For scientists who are not Jewish, however, studying
Jews is a delicate endeavor. "It's been stressful,"
acknowledged Dr. Jeff Struewing, a genetic epidemiologist
at the National Cancer Institute. Two years ago,
Struewing recruited 5,318 Ashkenazi men and women in the
Washington area for the first large-scale effort to
assess the prevalence of breast cancer mutations among
Ashkenazis.
So Struewing, who said he knew few Jews and little
about Judaism, formed a committee that included rabbis to
guide his research. "They kept me from putting my
foot in my mouth," he said. They also spread the
word to their congregants; in nine weeks, Struewing's
study was full. His work, published last May, was cited
as an example of how to conduct culturally sensitive
research. But Ms. Rothenberg, the Maryland law professor,
said Jews had become more wary of late. Today, she said,
"I'm not sure it would be as easy to get such quick
recruitment."
The breast cancer study was not the first time Jews
participated in mass testing for a hereditary disorder.
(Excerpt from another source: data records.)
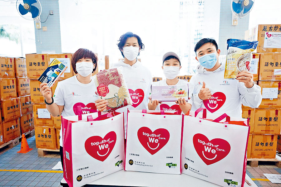 (星岛日报报道)由香港精英运动员协会筹办的爱心送暖行动刚于周六圆满结束,为二千五百名独居及低收入家庭送上爱心礼物包。壁球名宿赵咏贤、前单车女将李燕燕(右二)等一同包装物资,至于桌球神奇小子傅家俊、跳马王子石伟雄等亲笔写上心意卡,为各家各户打气。
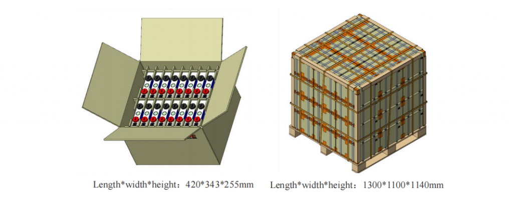 سلول ها باید در جعبه هایی با شارژ 30% تا 50% SOC بسته بندی شوند. در طول حمل و نقل، آنها باید از لرزش شدید، شوک، اکستروژن، خورشید یا باران محافظت شوند.
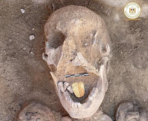 | Archaeologists have unearthed 2,000-year-old mummies with golden tongues at Alexandria's Taposiris Magna temple. 16 burials in rock-cut tombs contained poorly preserved mummies. It's thought the dead were given gold foil amulets shaped like tongues so that they could speak before the court of the god Osiris in the afterlife. Osiris was lord of the underworld and judge of the dead. |
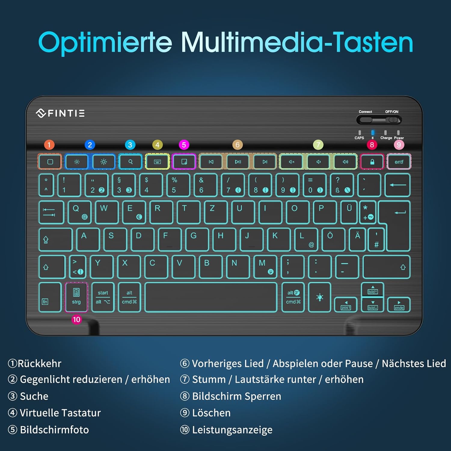 - Lieferumfang: 1 x Fintie kabellos Tastatur, 1 x USB-Ladekabel, 1 x Bedienungsanleitung. Bluetooth Version: Bluetooth V5.1; Arbeitsbereich: 10Meter

Since the early 1970s, pregnant Jewish women have been
routinely tested for Tay-Sachs disease, a fatal
neurological illness that kills children when they are
toddlers. The disease occurs when a child is born to two
parents who carry the Tay-Sachs gene. The majority of
cases, 85 percent, occur in Ashkenazi Jews.
Professor Rothenberg describes Tay-Sachs testing as
"the era of positive genetics" for Jews, most
of whom view screening as a mitzvah, or good deed. But
she and others note that there is an important difference
between screening for Tay-Sachs and diseases like breast
cancer: Unlike Tay-Sachs, breast cancer cannot be
prevented, leaving some Jews -- and many non-Jews --
debating whether testing does more harm than good.
Among the skeptics is Rabbi Joseph Ekstein, who in
1983 founded a Tay-Sachs testing program in the
Williamsburg section of Brooklyn. Among the Orthodox, who
place a high value on marrying into a healthy family,
screening for a disease that has no treatment could
create a class of unmarriageable women, he said.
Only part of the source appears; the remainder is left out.